Jaguar F-Type Coupe V6 S
List price when new £60,250
Price today £39,000
Available from 2014-present
The sensationally stylish hard-top version of Jaguar’s sports car is starting to look an absolute steal.
Porsche 911 Carrera PDK
List price when new £75,897
Price today £60,000
Available from 2011-2016
The 911 beat the F-Type when the pair were new. But does that verdict still hold true today?
Price today is based on a 2014 model with average mileage and full service history, correct at time of writing
When the Jaguar F-Type Coupe was launched in 2014, it was one of the most hotly anticipated cars in years. This was the Jaguar to return the marque to the realms of building proper sports cars, or so the hype said. It would be, in short, the Jaguar to take on Porsche.
Unfortunately, when we first pitted the F-Type against a Porsche – a 911, to be precise – it couldn’t quite seize victory. But now that the F-Type is three years old, depreciation has had its way with values, and you can now pick up a used example for a temptingly lower price than when it was new.
What’s more, three years later, we can factor the F-Type’s reliability and ubiquity into the equation. Is it easier to find one, and will it let you down? Those are questions that might have an effect on the balance of power in this test – and that makes re-evaluation essential.
What are they like to drive?
These two have the sort of pace that would embarrass Ferraris and Lamborghinis just a few years their senior, and they don’t rely on huge V8 or V10 engines to deliver it.
The Porsche’s 3.4-litre flat-six engine doesn’t even have a turbocharger or a supercharger, yet still pumps out 345bhp. It sounds epic, too, growling at low revs and screaming loudly enough to hurt your ears as the revs climb past 7000rpm. If you can find one fitted with the optional sports exhaust, it’ll allow you to make the 911 sound even more anti-social at the touch of a button.
The Jag’s 3.0-litre V6 engine is supercharged so it has even more power (375bhp) and it goes about its business even more noisily than the Porsche. It howls even when you’re just bumbling around town, while the exhaust spits and pops every time you lift off the throttle – especially if you engage Dynamic mode.
However, the F-type is considerably heavier than its German rival, so can’t accelerate quite as quickly. It’ll still hit 60mph in just 4.7sec, though.
Even in Dynamic mode – which also sharpens the throttle response and makes the steering heavier – the F-Type can’t life with the Porsche through corners. Turn the wheel and there’s an obvious pause before the nose of the car reacts, which you simply don’t notice in the lighter and stiffer 911. The Porsche also stays flatter through tight twists and turns and, ultimately, it’ll tear round corners at speeds that would have the F-Type sliding off the road.

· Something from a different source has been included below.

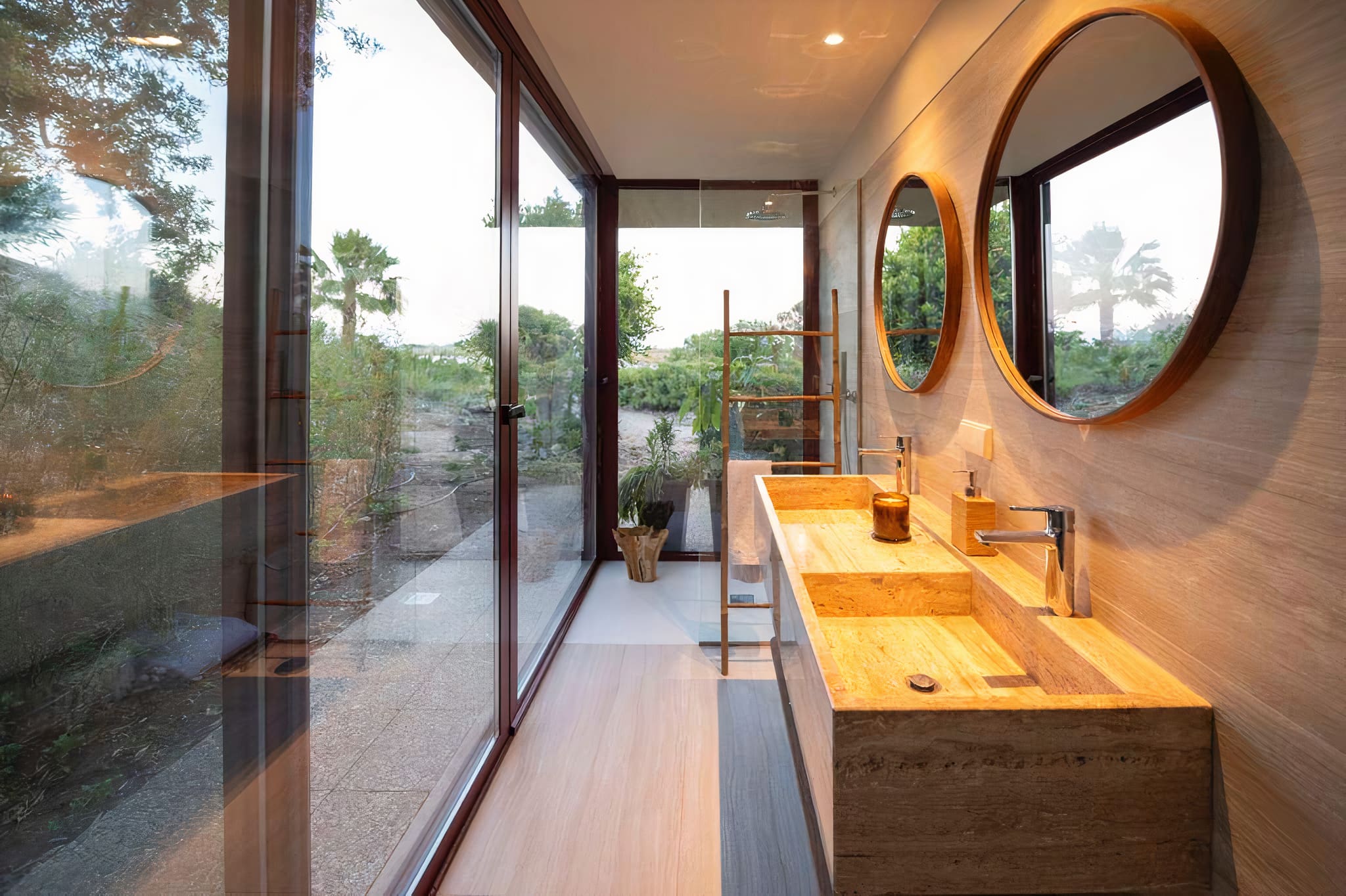 Step into a world of contemporary design and comfort as you enter this stunning apartment. The open-plan living area features expansive glass facades, allowing natural light to flood the space and offering panoramic views of the surrounding lagoon. The tasteful decor echoes the natural environment, with earthy tones and high-quality finishes. A fully equipped kitchen, complete with modern appliances, ensures a seamless culinary experience. Each of the four bedrooms is a sanctuary of relaxation, featuring en-suite bathrooms and plush furnishings, perfect for unwinding after a day of exploration.

It’s just a pity that the Porsche’s steering isnt’ a bit more involving. It’s impossible to fault for accuracy and always weights up reassuringly as you turn in to ends, but it just feels a bit sterile.
The Jag’s steering is lighter but just as precise, although you still don’t get the sort of sensation through your fingertips that you would in, say, an Audi R8.
The F-Type gets an eight-speed automatic gearbox, which is smooth and intelligent most of the time. Take control using the steering wheel paddles, though, and the gearbox doesn’t always react quickly enough to your instructions. Not ideal when you’re pushing hard along your favourite B-road.
Meanwhile the Porsche’s seven-speed PDK automatic box responds instantly to commands and is just as smooth and good-natured as the Jag’s when you’re driving sedately.
The 911’s ride quality can be a problem, but if you can find one with the optional PASM adaptive suspension, it’s actually more comfortable than the F-Type. You’re jostled around less on the majority of roads, even though the Porsche’s firmer set-up means you feel more of bigger bumps. That said, these are two of the most cosseting high-end sports cars on the market.